Fourier coefficients of smooth functions behave like Schwartz functions? [duplicate]
Let $f : \mathbb R \to \mathbb R$ be a $1$-periodic $L^1([0,1])$ function. Hence, the Fourier coefficients $$a_n = \int_0^1 f(x)\exp(-2\pi i nx) dx$$ are well definied.
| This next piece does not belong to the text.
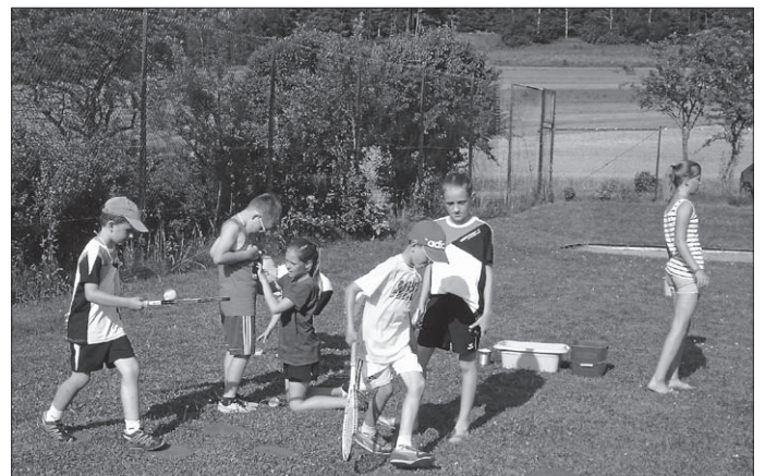
Der Tennisabend war wieder ein gemütlicher Abend, bei dem spannende Ballwechsel zu sehen waren. Aber auch die Kleinen hatten bei der Spielstraße großen Spaß.
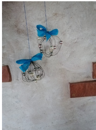
Karin Kala traadist, pärlitest, pakkepaelast valmistatud jõuluehe

Do we now have the equivalence $$f \in C^\infty(\mathbb R) \quad\Leftrightarrow\quad \forall k \in \mathbb N \lim_{n \to \infty} a_n n^k = 0? $$ I think I proved the direction "$\Leftarrow$" (if I'm not mistaken, please correct me otherwise), so I'm only left with "$\Rightarrow$". Is this true as well?
Solution 1:
As mentioned in the comments, integration by parts (take $u = f(x)$, $v' = e^{-2 \pi i n x}$) reveals \begin{align} \widehat{f}(n) & = \int_{0}^{1} f(x) e^{-2 \pi i n x} \; \text{d}x = f(x) \frac{e^{-2 \pi i n x}}{- 2 \pi i n}\bigg|_{x = 0}^{1} + \frac{1}{2 \pi i n} \int_{0}^{1} f(x) e^{-2 \pi i n x} \; \text{d}x \\ & = \frac{1}{2 \pi i n} \int_{0}^{1} f'(x) e^{-2 \pi i n x} \; \text{d}x = \frac{1}{2 \pi i n} \widehat{f'}(n), \end{align} for any $n \in \mathbb Z$, where in the second to last equality we used that $f$ is 1-periodic. One can now proceed inductively to obtain that $$ \widehat{f}(n) = \frac{1}{(2 \pi i n)^k} \widehat{f^{(k)}}(n) $$ Hence if $f \in \mathcal{C}^{k}(\mathbb{R})$, then $$ \lim_{n \to \infty} n^k \hat{f}(n) = \lim_{n \to \infty} n^k \frac{1}{(2 \pi i n)^{k}}\widehat{f^{(k)}}(n) = \lim_{n \to \infty} \frac{1}{(2 \pi i)^{k}}\widehat{f^{(k)}}(n) = 0, $$ as $\widehat{} \colon L^1 \to \mathcal{C}_0(\mathbb{R})$, that is, the Fourier transformed function is a continuous function vanishing at the boundary.